LintCode Q 892 - Alien Dictionary
There is a new alien language which uses the latin alphabet. However, the order among letters are unknown to you. You receive a list of non-empty words from the dictionary, where words are sorted lexicographically by the rules of this new language.

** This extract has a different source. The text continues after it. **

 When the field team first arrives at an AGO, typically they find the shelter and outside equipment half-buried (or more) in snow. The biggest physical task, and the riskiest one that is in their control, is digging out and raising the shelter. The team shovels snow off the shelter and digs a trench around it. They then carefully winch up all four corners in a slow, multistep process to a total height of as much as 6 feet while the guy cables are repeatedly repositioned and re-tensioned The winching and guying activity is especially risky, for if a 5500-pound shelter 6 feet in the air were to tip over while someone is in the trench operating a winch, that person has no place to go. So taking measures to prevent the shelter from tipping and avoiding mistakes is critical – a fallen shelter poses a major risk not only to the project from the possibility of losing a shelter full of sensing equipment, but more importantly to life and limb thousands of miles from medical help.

Derive the order of letters in this language.
Example 1:Input:["wrt","wrf","er","ett","rftt"] ; Output:"wertf"
Explanation:
from “wrt”and”wrf” ,we can get ‘t’<’f’
from “wrt”and”er” ,we can get ‘w’<’e’
from “er”and”ett” ,we can get ‘r’<’t’
from “ett”and”rtff” ,we can get ‘e’<’r’
So return “wertf”
Example 2:Input:["z","x"] ; Output:"zx"
Explanation:
from “z” and “x”,we can get ‘z’ < ‘x’
So return “zx”
Notice:
- You may assume all letters are in lowercase.

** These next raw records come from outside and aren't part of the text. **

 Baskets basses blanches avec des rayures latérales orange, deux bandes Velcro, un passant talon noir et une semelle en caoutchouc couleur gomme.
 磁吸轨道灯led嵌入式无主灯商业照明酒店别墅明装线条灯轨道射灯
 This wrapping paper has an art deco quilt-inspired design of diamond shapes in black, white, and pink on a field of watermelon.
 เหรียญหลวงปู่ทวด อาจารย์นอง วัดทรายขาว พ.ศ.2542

- You may assume that if a is a prefix of b, then a must appear before b in the given dictionary.
- If the order is invalid, return an empty string.
- There may be multiple valid order of letters, return the smallest in normal lexicographical order
Solution
Solution 1 : DFS
Code:
public String alienOrder(String[] words) {
if (words == null || words.length == 0) return "";
Map<Character, Set<Character>> graph = buildGraph(words);
return topologySorting(graph);
}
private Map<Character, Set<Character>> buildGraph(String[] words) {
Map<Character, Set<Character>> graph = new HashMap<>();
for (String word: words) {
for (char ch: word.toCharArray())
graph.putIfAbsent(ch, new HashSet<>());
}
for (int i = 0; i < words.length - 1; i++) {
for (int index = 0; index < words[i].length; index++) {
if (word[i].charAt(index) != word[i + 1].charAt(index)) {
graph.get(word[i].charAt(index), word[i + 1].charAt(index));
break;
}
}
}
return graph;
}
private String topologySorting(Map<Character, Set<Character>> graph) {
int n = graph.size();
Map<Character, Integer> order = new HashMap<>();
for (char ch: graph.keySet())
order.put(ch, 0);
for (char ch: graph.keySet()) {
for (char next: graph.get(ch))
order.put(next, order.get(next) + 1);
}
Queue<Character> que = new PriorityQueue<>(); // not LinkedList
for (char ch: order.keySet()) {
if (order.get(ch) == 0) que.offer(ch);
}
StringBuilder sb = new StringBuilder();
while (!que.isEmpty()) {
char curr = que.poll();
sb.append(curr);
for (char next: graph.get(curr)) {
map.put(next, map.get(next) - 1);
if (map.get(next) == 0) que.offer(next);
}
}
if (sb.length() != order.size()) return "";
return sb.toString();
}
Tip: why using PriorityQueue not just LinkedList
Since for test case ["zy", "zx"], the correct output should be "yxz". If using LinkedList, we get "yzx" which is not correct.